The hard primary ore body below 2.22020m is for the hard primary ore body below 2020m. The row spacing is set to 1.6m, the hole bottom distance is 2m, the edge hole angle is 50°, and the second row is exploded. The average consumption of explosives is average. It is 0.315kg/t, and the front and rear rows of the blasthole are staggered. The relevant parameters are shown in Table 2.
3 In the detonation sequence underground deep hole blasting, the interval between the holes is 25~50ms, the front and rear blasthole detonators are alternately arranged, U-shaped detonation, 4 holes detonator sections are the same, a total of 6 sections are used, the largest micro The difference interval is 50ms. The detonation method can reduce the block rate by colliding with the ore, and the block degree can be uniform, and the eyebrow line is intact. The detonation sequence after optimization in this study is shown in Figure 2.
4Comparative analysis of economic indicators At this stage, the number of holes per hole in the Yankou Iron Mine is 155.2m, the area of ​​the blasthole is 176.1m2, the row spacing is 1.8m, the amount of collapsing is 1014.34t, and the blasting consumes ammonium explosives. 322kg/time, the unit collapse amount is 6.53t/m, and the explosive consumption is 0.319kg. After optimization in the middle section of 2020m, the number of holes per hole in the blasting is 299.31m, the area of ​​the blasthole is 182.2m2, the row spacing is 1.8m, the stepping distance is 3.6m, the amount of collapsing is 2165t, and the explosive consumption of ammonium explosives is 619.2kg. / times, the unit collapse amount is 7.23t/m, and the explosive consumption is 0.286kg. After optimization in the middle section of 2020m, the number of holes in the blasting is 288.64m, the area of ​​the blasthole is 182.2m2, the row spacing is 1.6m, the stepping distance is 3.2m, the amount of collapsing is 1924t, and the blasting consumes 600. 3kg/time, the unit collapse amount is 6.67t/m, and the explosive consumption is 0.312kg.

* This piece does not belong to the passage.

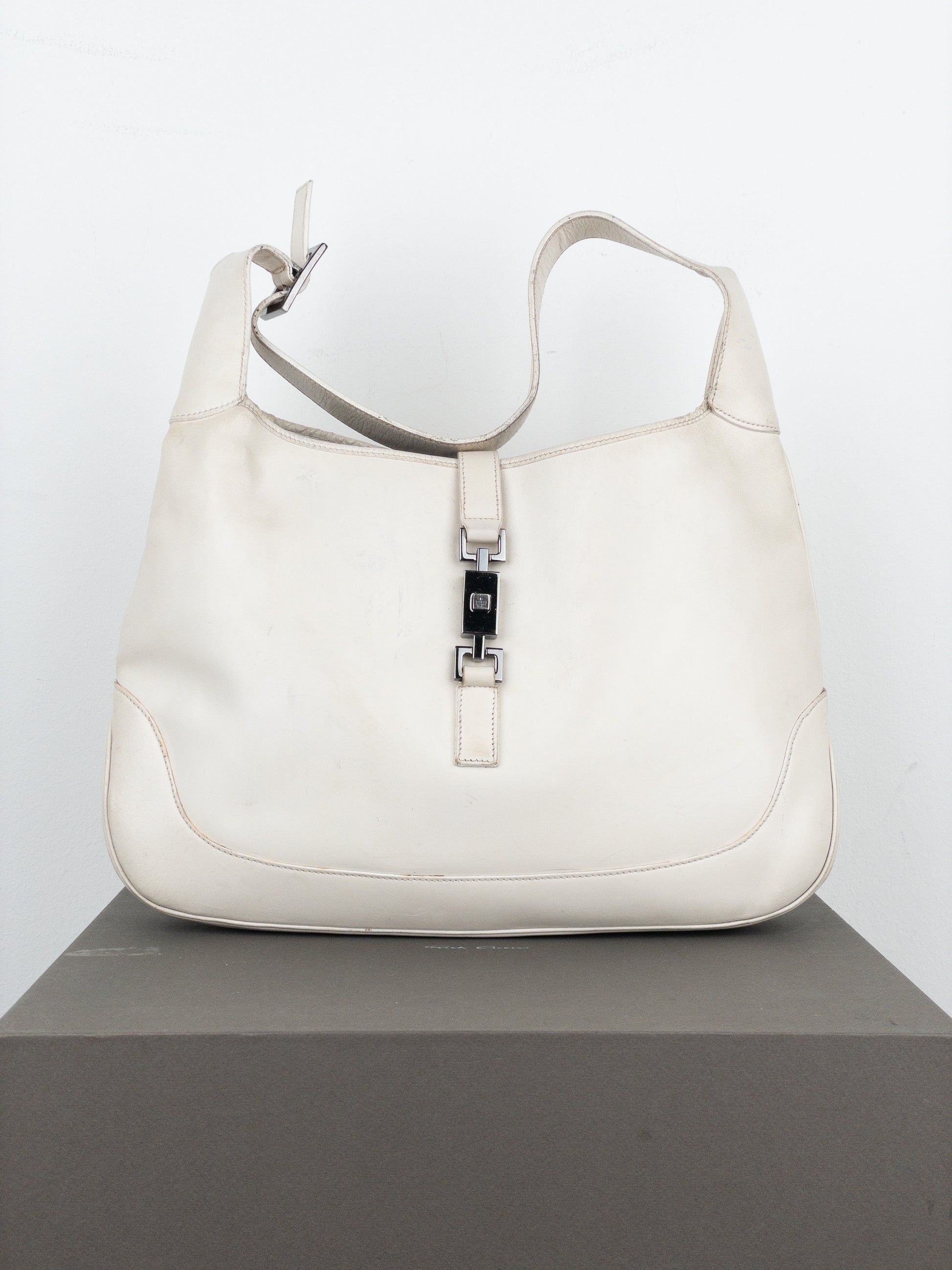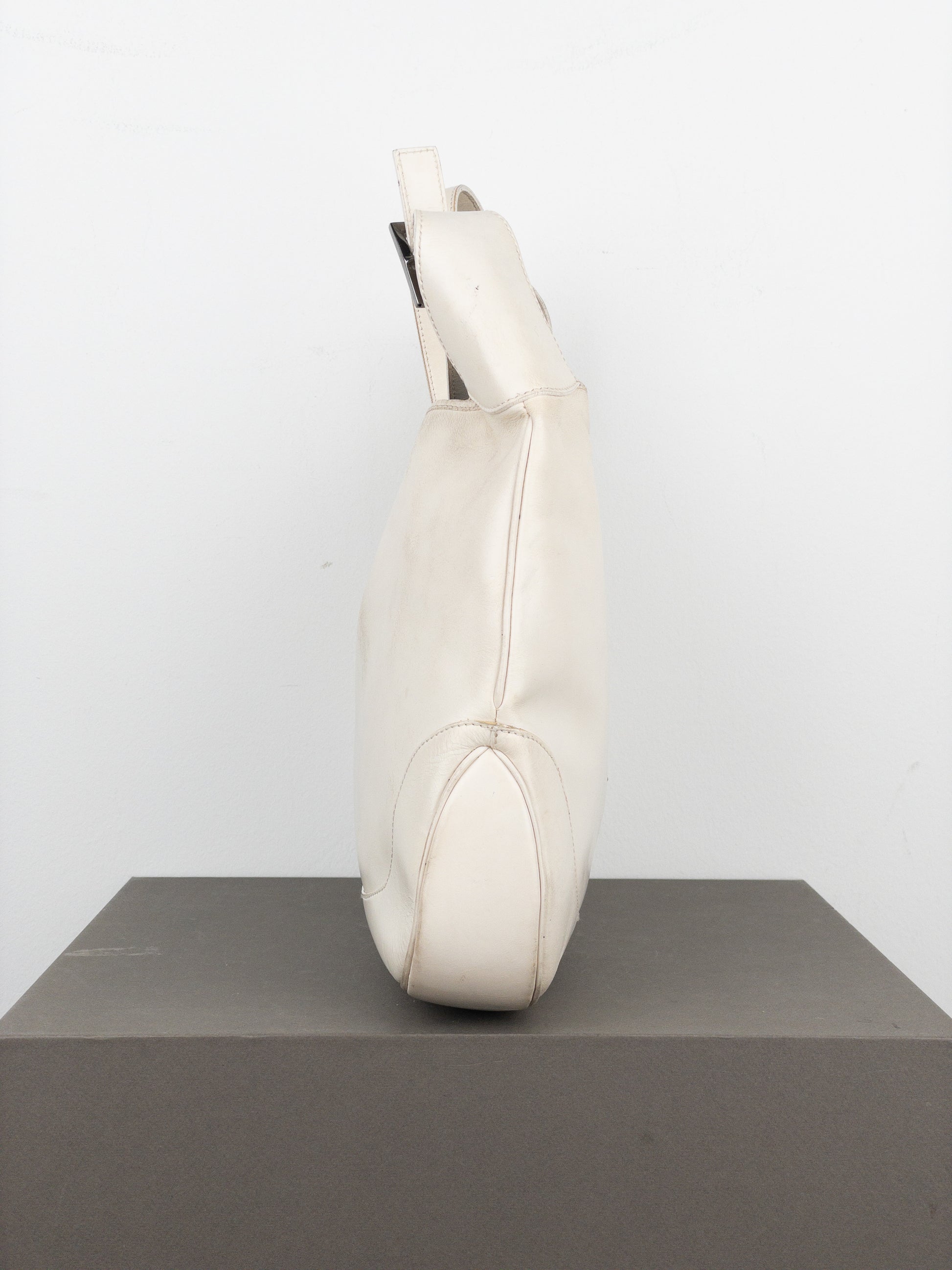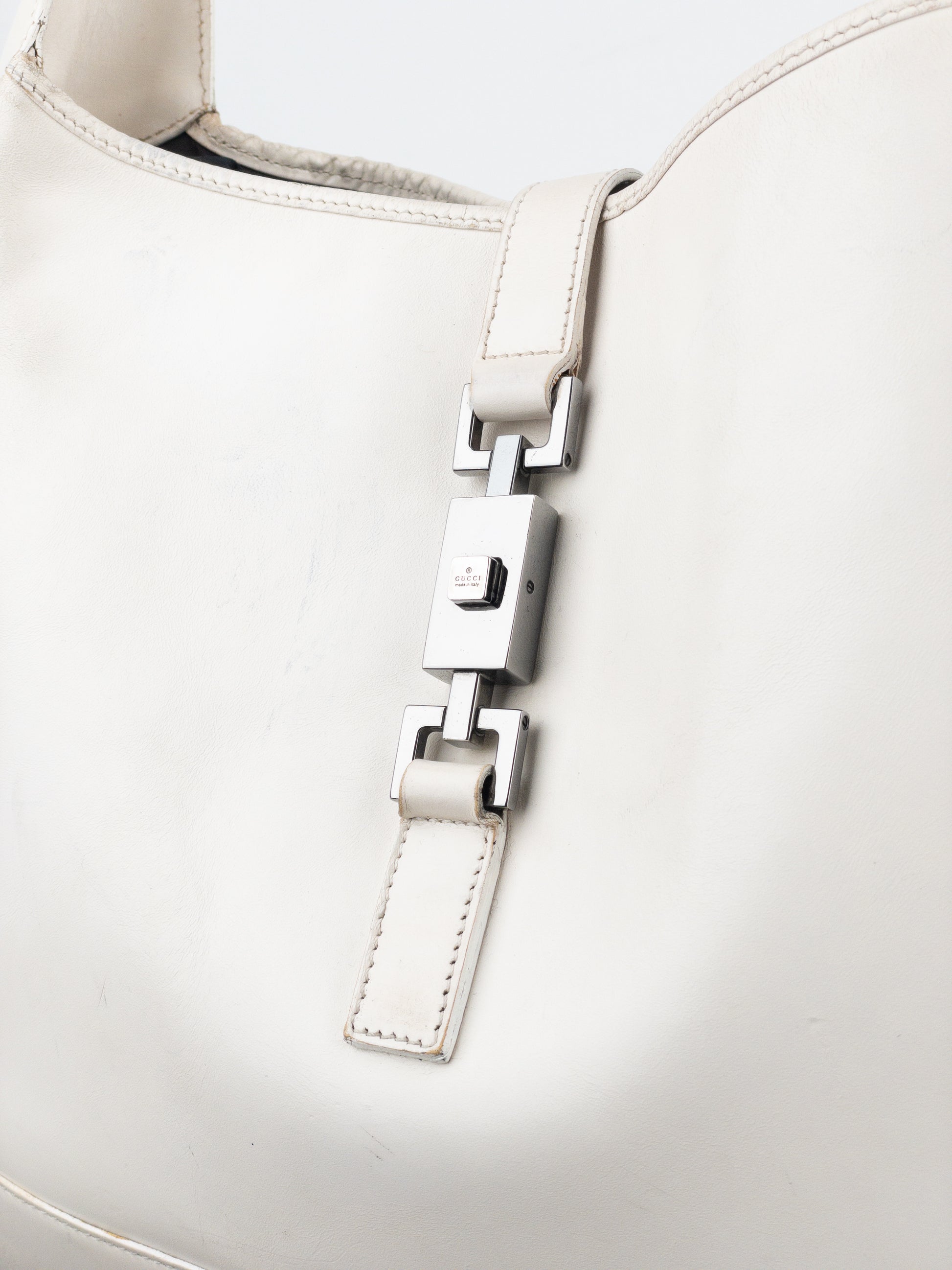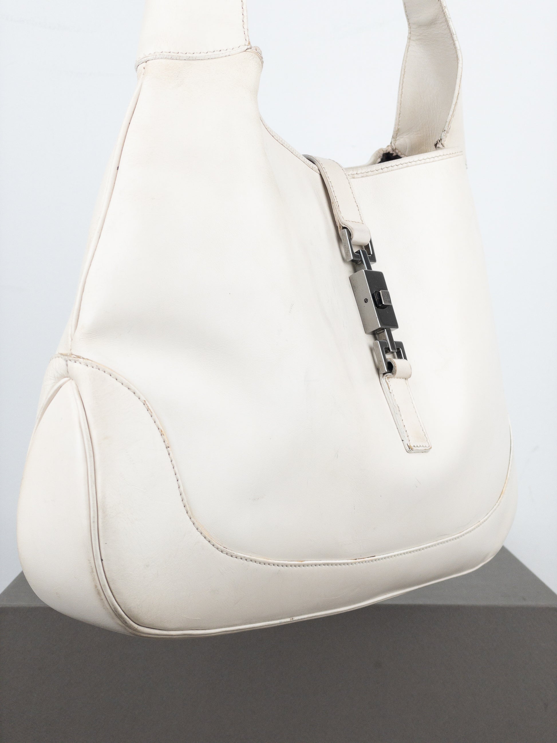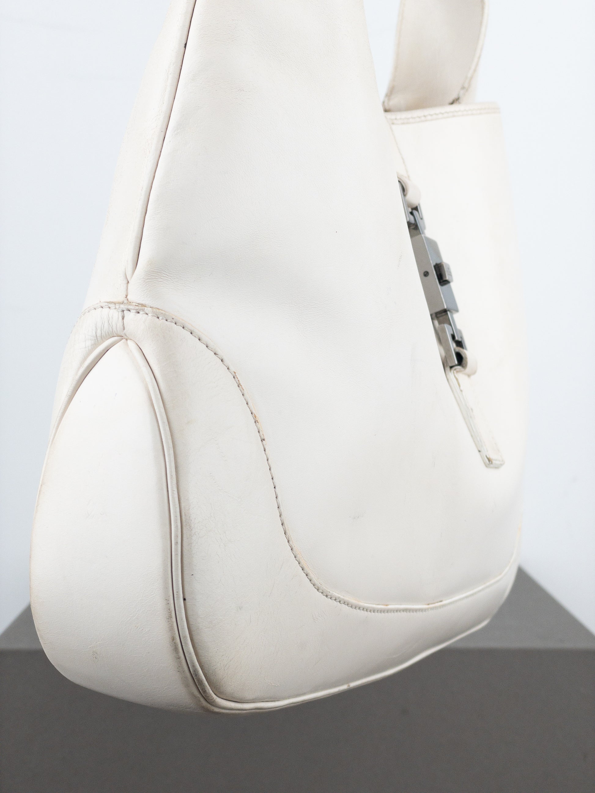 Rounded hobo shoulder bag in patent white leather, featuring the rectangular ‘Jackie’ lock in silver color, from the 1990s.

In this study, the blasting parameters of the 2020m section of the Yankou Iron Mine were optimized respectively: above 12020m, the blasting step was adjusted from 1.8m to 3.6m, and the hole bottom distance was adjusted from 1.8m to 2m. The hole angle is adjusted from 45° to 50°, and the U-shaped adjustment is carried out in the detonation sequence; below the 22020m segment, the blasting step is adjusted from 1.8m to 3.2m, and the hole bottom distance is adjusted from 1.8m to 1.9m. The hole angle was adjusted from 45° to 50°, and the detonation sequence was U-shaped.
5 Conclusions The deficiencies in the blasting process of the Suikou Iron Mine are analyzed. The blasting parameters of the 2020m middle section of the mine are optimized. The blasthole design is carried out for the 2020m middle oxidized ore body and the 2020m middle and lower hard primary ore body. And optimized the detonation sequence. Practice shows that the above optimization design can help to reduce the bulk rate, increase the ore body fluidity, improve the collapse and mining efficiency, and have certain reference value for similar mines.
References [1] Wei Jianhai, Huang Xingyi, Ge Chao, et al. PFC2D-based numerical simulation of no-bottom sublevel caving method [J]. Modern Mining, 2015 (12): 30-31.
[2] Hu Baowen, Li Changhong, Wei Xiaoming. Influence of mining space change on the ground pressure of sublevel caving method without bottom column [J]. Metal mines, 2015 (12): 5-9.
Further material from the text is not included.